Firstly I don't understand why we're getting the error as we have 500MB allocated to the server.
Question is - what changes should we make to stay out of trouble? We want to ensure this implementation scales.
Currently we have ~60K objects, each ~50 bytes. We load the 60K POJO's in memory, and serialize them to a String which we send to a web service using HttpClient. When receiving, we get the entire String, then convert to POJO's. The XML/object hierarchy is like:
<root>
<meta>
<date>10/10/2009</date>
<type>abc</type>
</meta>
<data>
<field>x</field>
</data>
[thousands of <data>]
</root>
I gather the best approach is to not store the POJO's in memory and not write the contents to a single String. Instead we should write the individual <data> POJO's to a stream. XStream supports this but seems like the <meta> element wouldn't be supported. Data would need to be in form:
<root>
<data>
<field>x</field>
</data>
[thousands of <data>]
</root>
So what approach is easiest to stream the entire tree?
You definitely want to avoid serializing your POJOs into a humongous String and then writing that String out. Use the XStream APIs to serialize the POJOs directly to your OutputStream. I ran into the same situation earlier this year when I found that I was generating 200-300Mb XML documents and getting OutOfMemoryErrors. It was very easy to make the switch.
And ditto of course for the reading side. Don't read the XML into a String and ask XStream to deserialize from that String: deserialize directly from the InputStream.

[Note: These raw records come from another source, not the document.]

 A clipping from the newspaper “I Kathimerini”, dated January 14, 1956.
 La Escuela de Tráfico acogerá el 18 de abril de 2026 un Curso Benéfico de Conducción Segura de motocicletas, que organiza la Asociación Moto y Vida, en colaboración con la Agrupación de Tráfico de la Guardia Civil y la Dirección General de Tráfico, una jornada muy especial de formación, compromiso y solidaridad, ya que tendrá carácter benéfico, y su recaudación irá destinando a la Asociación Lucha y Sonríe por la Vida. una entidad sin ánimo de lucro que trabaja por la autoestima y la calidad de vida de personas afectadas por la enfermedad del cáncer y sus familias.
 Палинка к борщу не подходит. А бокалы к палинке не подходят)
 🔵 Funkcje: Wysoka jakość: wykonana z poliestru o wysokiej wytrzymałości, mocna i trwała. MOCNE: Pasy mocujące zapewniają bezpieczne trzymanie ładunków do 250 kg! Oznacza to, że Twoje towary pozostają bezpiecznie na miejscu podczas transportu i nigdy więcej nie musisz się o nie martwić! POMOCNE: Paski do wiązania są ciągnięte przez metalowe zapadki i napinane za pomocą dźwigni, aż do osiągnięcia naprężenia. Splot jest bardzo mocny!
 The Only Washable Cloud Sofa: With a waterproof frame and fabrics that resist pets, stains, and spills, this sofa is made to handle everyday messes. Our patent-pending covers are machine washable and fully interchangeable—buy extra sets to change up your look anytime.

You mention a second issue regarding not being able to serialize the <meta> element and the <data> elements. I don't think this is an XStream problem or limitation as I routinely serialize much more complex structures on the order of:
<myobject>
<item>foo</item>
<anotheritem>foo</anotheritem>
<alist>
<alistitem>
<value1>v1</value1>
<value2>v2</value2>
<value3>v3</value3>
...
</alistitem>
...
<alistitem>
<value1>v1</value1>
<value2>v2</value2>
<value3>v3</value3>
...
</alistitem>
</alist>
<anotherlist>
<anotherlistitem>
<valA>A</valA>
<valB>B</valB>
<valC>C</valC>
...
</anotherlistitem>
...
</anotherlist>
</myobject>
I've successfully serialized and deserialized nested lists too.
Not sure what the problem is here...you've found your answer on that webpage.

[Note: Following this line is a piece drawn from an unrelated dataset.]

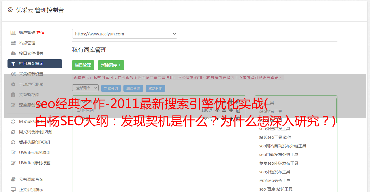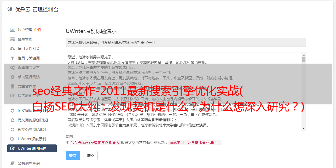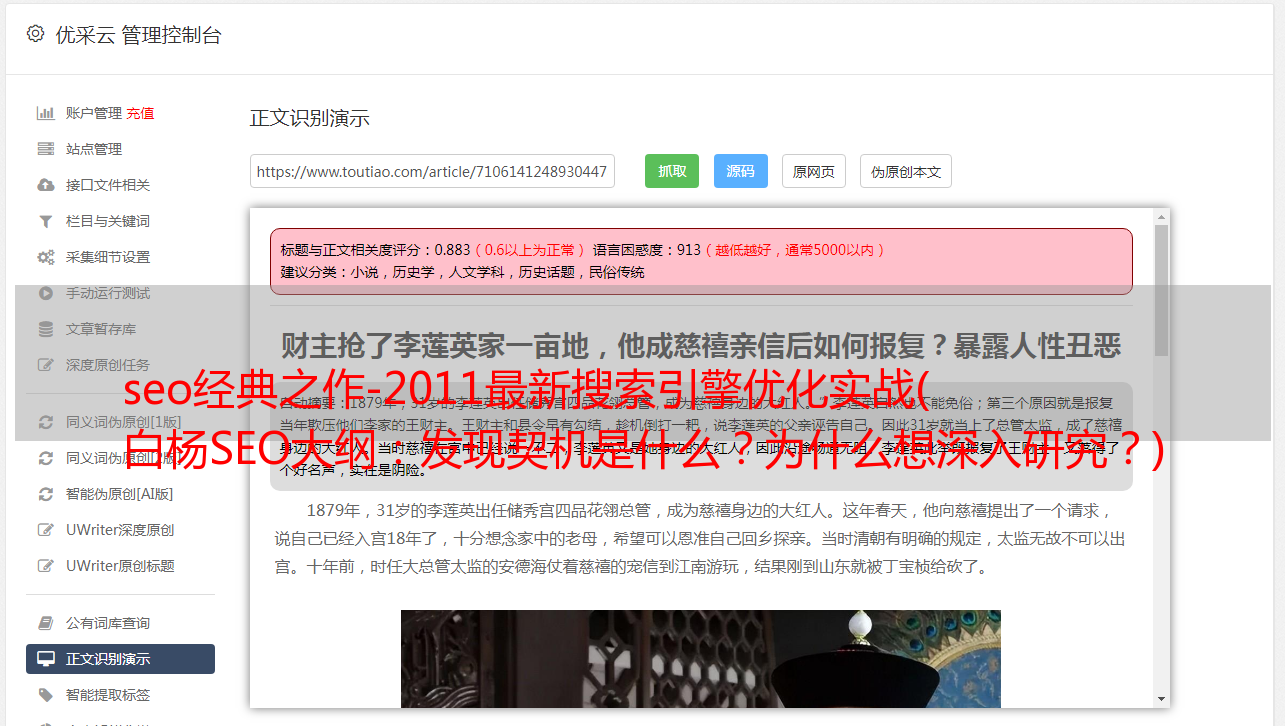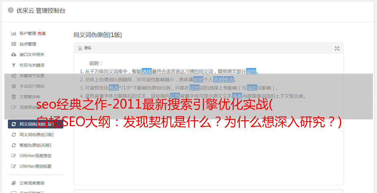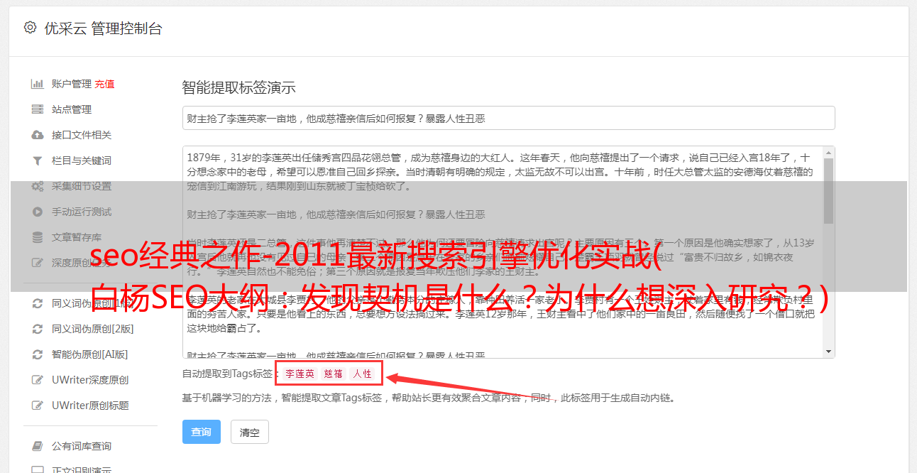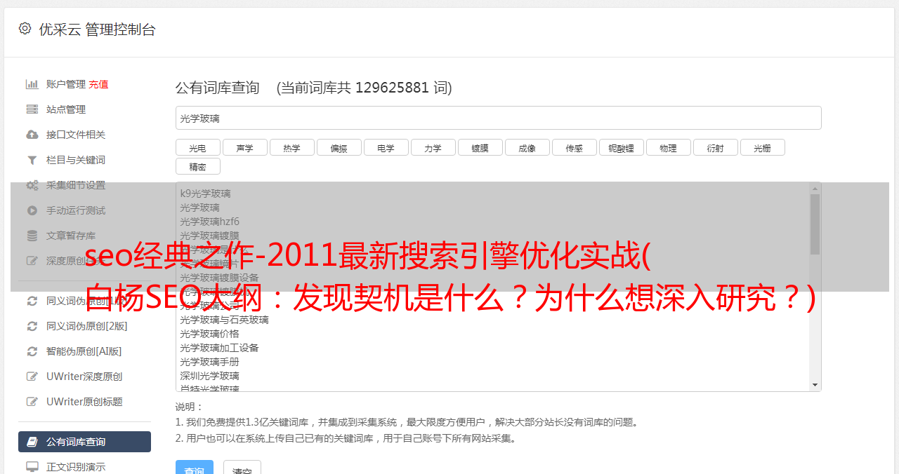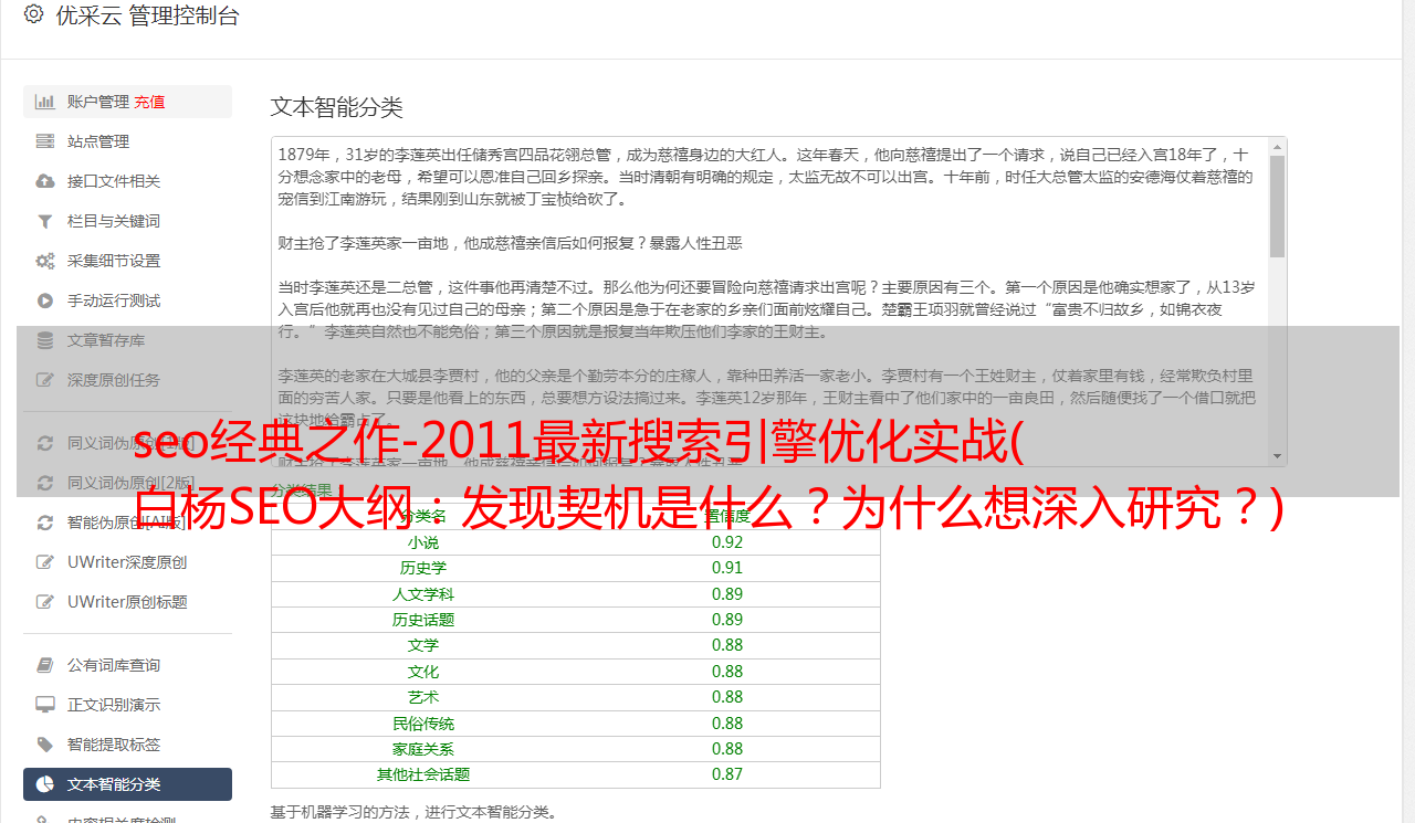优采云 发布时间: 2022-04-09 16:29seo经典之作-2011最新搜索引擎优化实战(

The example code on the link you provided suggests:
Writer someWriter = new FileWriter("filename.xml");
ObjectOutputStream out = xstream.createObjectOutputStream(someWriter, "root");
out.writeObject(dataObject);
// iterate over your objects...
out.close();
and for reading nearly identical but with Reader for Writer and Input for Output:
Reader someReader = new FileReader("filename.xml");
ObjectInputStream in = xstream.createObjectInputStream(someReader);
DataObject foo = (DataObject)in.readObject();
// do some stuff here while there's more objects...
in.close();
I'd suggest using tools like Visual VM or Eclipse Memory Analyzer to make sure you don't have a memory leak/problem.
Also, how do you know each object is 50 bytes? That doesn't sound likely.
Use XMLStreamWriter (or XStream) to serialize it, you can write whatever you want on it. If you have the option of getting the input stream instead of the entire string, use a SAXParser, it is event based and, although the implementation maybe a little bit clumsy, you will be able to read any XML that is thrown at you, even if it the XML is huge (I have parse 2GB+ more XML files with SAXParser).
Just as a side note, you should send the binary data and not the string to a XML parser. XML parsers will read the encoding of the byte array that is going to come next through the xml tag in the beginning of the XML sequence:
<?xml version="1.0" encoding="UTF-8" standalone="no" ?>
A string is encoded in something already. It's better practice to let the XML parse the original stream before you create a String with it.